Viel Spannung und eine gewaltige Portion Irrsinn

Interview mit einem Mörder - Bernhard Aichner

Interview mit einem Mörder
von Bernhard Aichner

Bewertet mit 4 Sternen

Das ohnehin nicht ganz so beschauliche Leben des Totengräbers Max Broll wird jäh vollends aus der Bahn geworfen, als sein bester Freund einem Attentat zum Opfer fällt. Er lebt, fällt aber ins Koma. Besserung ungewiss. Nur Max hat den Attentäter gesehen. Blöd nur, dass ihm so gar keiner glauben will.
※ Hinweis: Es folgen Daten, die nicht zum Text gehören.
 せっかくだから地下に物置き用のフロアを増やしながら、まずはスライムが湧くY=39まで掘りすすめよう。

Also macht Max sich selbst auf die Jagd - und ein perfides Katz und Maus Spiel beginnt.

Wenn man einen Krimi von Aichner aufschlägt muss man vorher eigentlich gar nicht wissen, wer das Buch geschrieben hat. Der Autor hat einen ganz und gar unverkennbaren Stil - der Schreibstil ist unverkennbar (immer wieder kurz gewöhnungsbedürftig, aber wenn man drin ist absolut fantastisch) und dann ist da ja noch diese seltsame Affinität zu allem, was mit Beerdigungen zu tun hat.
Dieses mal ist unser Protagonist also ein Totengräber. Für mich war es der erste Roman rund um Max Broll, was aber kein Problem war. Man lebt sich schnell ein, Max macht es dem Leser aber auch irgendwie leicht. Er und sein Umfeld sind schon irgendwie ein sympathisch abstruser Haufen, Broll und sein bester Freund ein eingespieltes Team und der kiffende Pfarrer rundet die ganze Sache perfekt ab. 
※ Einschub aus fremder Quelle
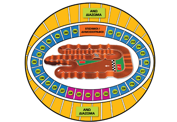 Οι τιμές των εισιτηρίων είναι 20€ στο άνω διάζωμα, 25€ στο κάτω διάζωμα (αριθμημένες θέσεις) και 30€ στα πέντε κεντρικά τμήματα (222, 223, 224, 225, 226).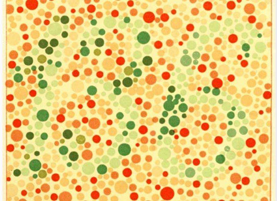 - карточка 12. Здесь просматривается число «12», но страдающие невосприятием красного цвета этого не увидят;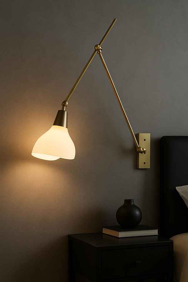Mid Century Modern Brass Swing Arm Wall Sconce: Asymmetric White Shade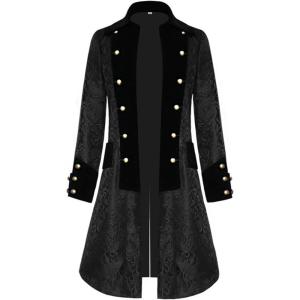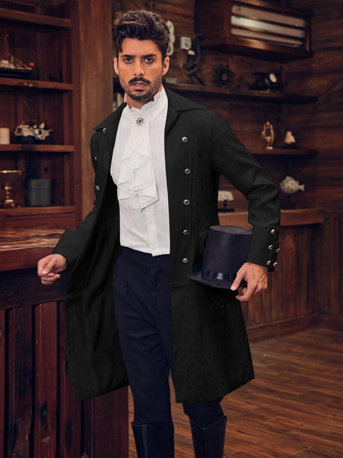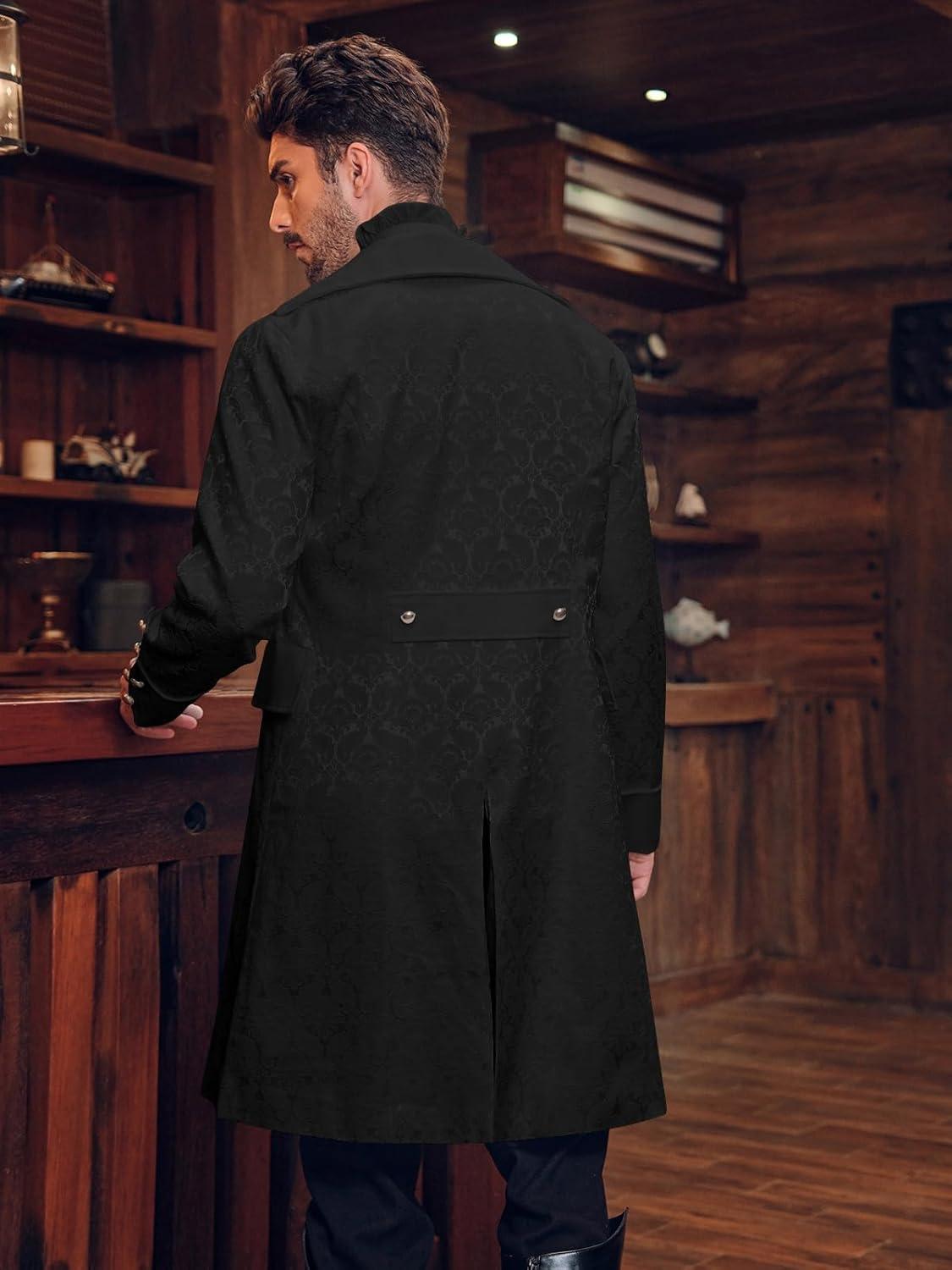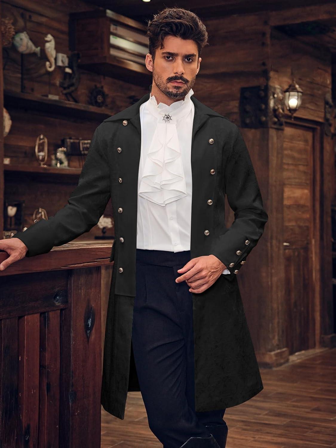 Mens Steampunk Medieval Jacket Pirate Viking Renaissance Costume Formal Tailcoat Gothic Victorian Halloween Tuxedo Coats(Y-black)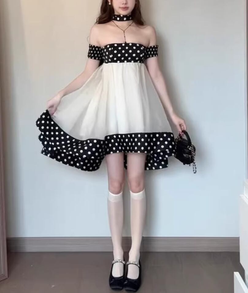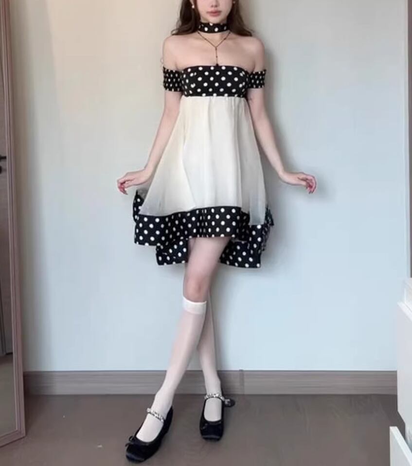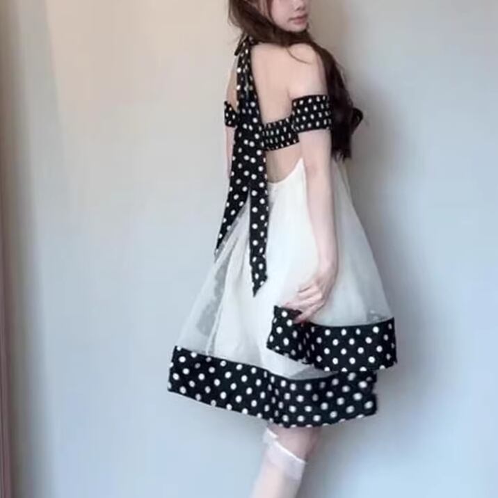 2色/チュールフラワーフリルネックボウタイワンピ ・54889

Auch der Antagonist hat glatte hundert Punkte verdient. Komplett aus dem Schema "Mörder bringt immer wieder die eigene Mutter um, die damals als Kind nicht ganz so nett war" lässt er jegliches Motiv vermissen. Ein Psychopath wie er im Buche steht. Morden um des Mordens willen. Wer Erklärungen für sein Handeln sucht ist hier definitiv an der falschen Stelle - denn die kann er genau so wenig geben wie andere Menschen für etwas seltsame Hobbys. Spannung gibt es dafür umso mehr. Denn ob die ganze Sache gut ausgeht ist alles andere als unsicher. Und das bis ganz zum Schluss.
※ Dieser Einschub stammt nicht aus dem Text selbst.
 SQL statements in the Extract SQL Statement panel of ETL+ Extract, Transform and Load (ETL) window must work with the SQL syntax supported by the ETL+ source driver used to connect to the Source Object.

Mein einziges Manko war eine Liebesbeziehung zwischen Max und Anna. Die hat er auf seiner Jagd irgendwann zufällig kennen gelernt. Anfangs will die zwar so gar nichts von ihm wissen, nachdem Max aber bereits nach gefühlten 7 Sekunden sicher ist, dass er sein Leben mit ihr verbringen möchte, kann die natürlich auch nicht lange nein sagen. Mir ging das ganze einfach zu schnell. Kein geistig gesunder Mensch verliebt sich innerhalb eines Blickes und ist dann der festen Überzeugung, dass man mit der betreffenden Person alt werden könnte. Aber andererseits zweifelt man an Max' psychischer Stabilität sowieso an der einen oder anderen Stelle. Die Gespräche, die er (natürlich nur in seinem Kopf) mit seinem Koma - Kumpel führt sind wohl auch nicht ganz normal..

Ich jammere mit meinen vier Sternen auf wirklich hohem Niveau, das sei hier zum Schluss noch erwähnt. Der Krimi ist toll, er ist anders, er ist logisch, bis zum Ende durchkonstruiert und psychologisch dicht. Das Lesen macht Spaß und eigentlich hat Aichner (mal wieder) fast alles richtig gemacht.